Conflict of Interest Obligation    Broker-dealers must establish, maintain, and enforce reasonably designed written policies and procedures to identify all conflicts, disclose them, and possibly eliminate them. This obligation specifically requires policies and procedures to:

  • Mitigate conflicts that create an incentive for the firm’s financial professionals to place their interests or those of the firm ahead of the retail customer’s interest
  • Prevent material limitations on offerings (e.g., a limited product menu or offering only proprietary products) from causing the firm or its financial professionals to place their interests or those of the firm ahead of the retail customer’s interest
  • Eliminate sales contests, sales quotas, bonuses, and non-cash compensation that are based on the sale of specific securities or specific types of securities within a limited period

Compliance Obligation    Broker-dealers are required to establish, maintain, and enforce written policies and procedures that are reasonably designed to achieve compliance with all aspects of Regulation Best Interest.
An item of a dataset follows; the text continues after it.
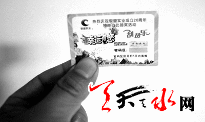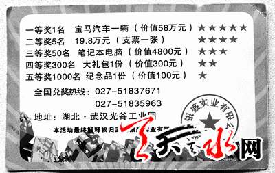 ????當(dāng)日中午,甘谷縣的陳先生到秦州區(qū)岷山路海林廠門口的一家面館吃飯。期間,他在餐桌下?lián)斓揭粡埢鸩窈心敲创蟮挠∮小肮喂螛贰弊謽拥莫勅*勅鎸懹小盁崃覒c祝銀盛實(shí)業(yè)成立20周年,特舉辦此抽獎活動”。背面的中獎規(guī)則是:一等獎為價(jià)值58萬元的寶馬汽車一輛;二等獎為價(jià)值19.8萬元的支票一張;三等獎為價(jià)值4800元的筆記本電腦一臺;四等獎為價(jià)值300元的大禮包一份;五等獎為價(jià)值100元的紀(jì)念品一份。

Form CRS Relationship Summary

In association with Regulation Best Interest, the SEC also adopted the new Customer Relationship Summary (Form CRS). Registered investment advisers and broker-dealers will use this form to provide retail investors with simple, easy-to-understand information about the nature of their relationship with their financial professional.
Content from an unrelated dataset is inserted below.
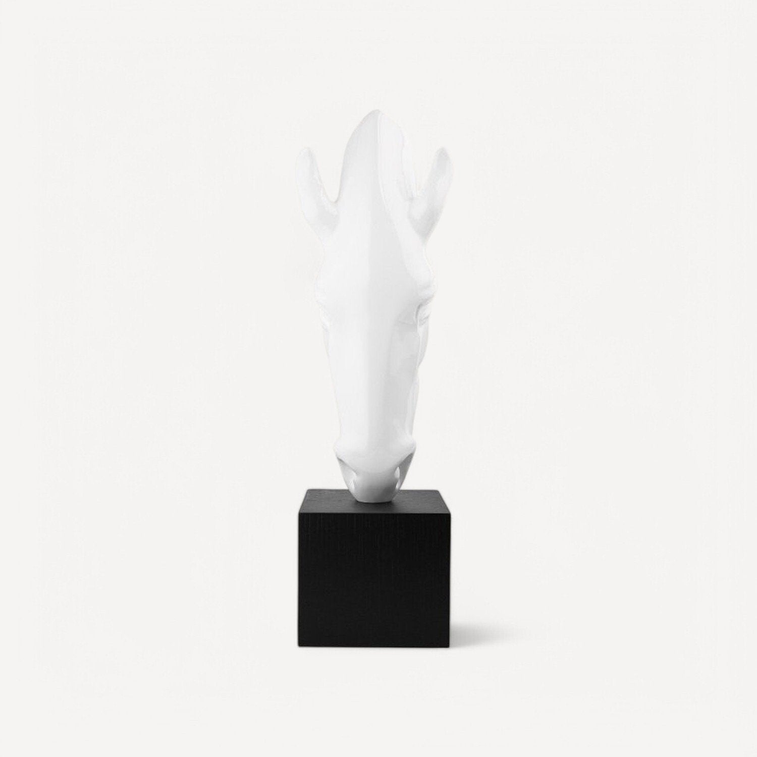Duygusal ve güçlü bir duruş sergileyen at başı figürü, sade hatlarıyla modern sanat anlayışını yansıtırken, pürüzsüz mat yüzeyiyle mekânlara şık bir dokunuş ekler. Siyah tabanı ile dengeli bir kompozisyon oluşturan bu özel tasarım, hem klasik hem de çağdaş dekorasyon tarzlarına mükemmel uyum sağlar.

The form will summarize information about the firms’ services, fees and costs, conflicts of interest, legal standard of conduct, and whether the firm or any of its financial professionals have disciplinary history. The relationship summary will use a standardized question-and-answer format to promote comparison by retail investors in a way that’s distinct from existing disclosures. The relationship summary will permit the use of layered disclosure so that investors can more easily access additional information from the firm about these topics. Form CRS will also include a link to a dedicated page on the SEC’s investor education website – Investor.gov.
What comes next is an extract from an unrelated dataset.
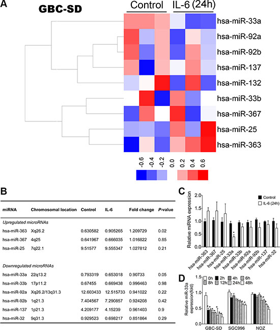 Figure 4: miRNA profilings of IL-6 treated cells and validation of microarray data using qRT-PCR. (A) Heatmap of miRNAs that targeted Twist clustered in IL-6 treated cells and control (red represents increased expression and blue represents decreased expression). (B) The list of changed miRNAs that targeted Twist identified in IL-6 treated cells. (C) Validation of miRNAs expression 24 h after IL-6 treatment using qRT-PCR, *P < 0.05. The results are shown as mean ± S.D. (D) Validation of miR-33a expression after IL-6 treatment using qRT-PCR, *P < 0.05. The results are shown as mean ± S.D.

Interpretations under the Investment Advisers Act of 1940

Along with adopting Regulation Best Interest and Form CRS, the SEC issued two interpretations under the Investment Advisers Act of 1940.

The first interpretation reaffirms and, in some cases, clarifies the SEC’s view of the fiduciary duty that investment advisers owe to their clients. This fiduciary duty is principles-based and applies to the entire relationship between an investment adviser and its client. The interpretation reflects how the SEC and its staff have applied and enforced the law in this area, but also how it has inspected for compliance.

The second interpretation relates to the “solely incidental” prong of the broker-dealer exclusion under the Advisers Act and intends to clearly delineate when a broker-dealer’s performance of advisory activities causes it to become an investment adviser within the meaning of the Advisers Act.

Specifically, the interpretation states that a broker-dealer’s advice regarding the value and characteristics of securities or the advisability of executing transactions in securities falls within the “solely incidental” prong of this exclusion if the advice is provided in connection with, and is reasonably related to, the broker-dealer’s primary business of effecting securities transactions.


The new rules and interpretations are designed to enhance the quality of retail investors’ relationships with broker-dealers and investment advisers. The rule-making package is designed to enhance investor protections, while preserving retail investors’ access and choice in: (1) the type of professional with whom they work, (2) the services they receive, and (3) how they pay for these services.

The rules will also provide additional transparency and clarity for retail investors through enhanced disclosures that are designed to help them understand who they’re dealing with and why that matters. The interpretations reaffirm, and in some cases clarify, the standard of conduct that investment advisers owe to their clients and also clarify the scope of the services a broker-dealer can provide consistent with the statutory definition of investment adviser.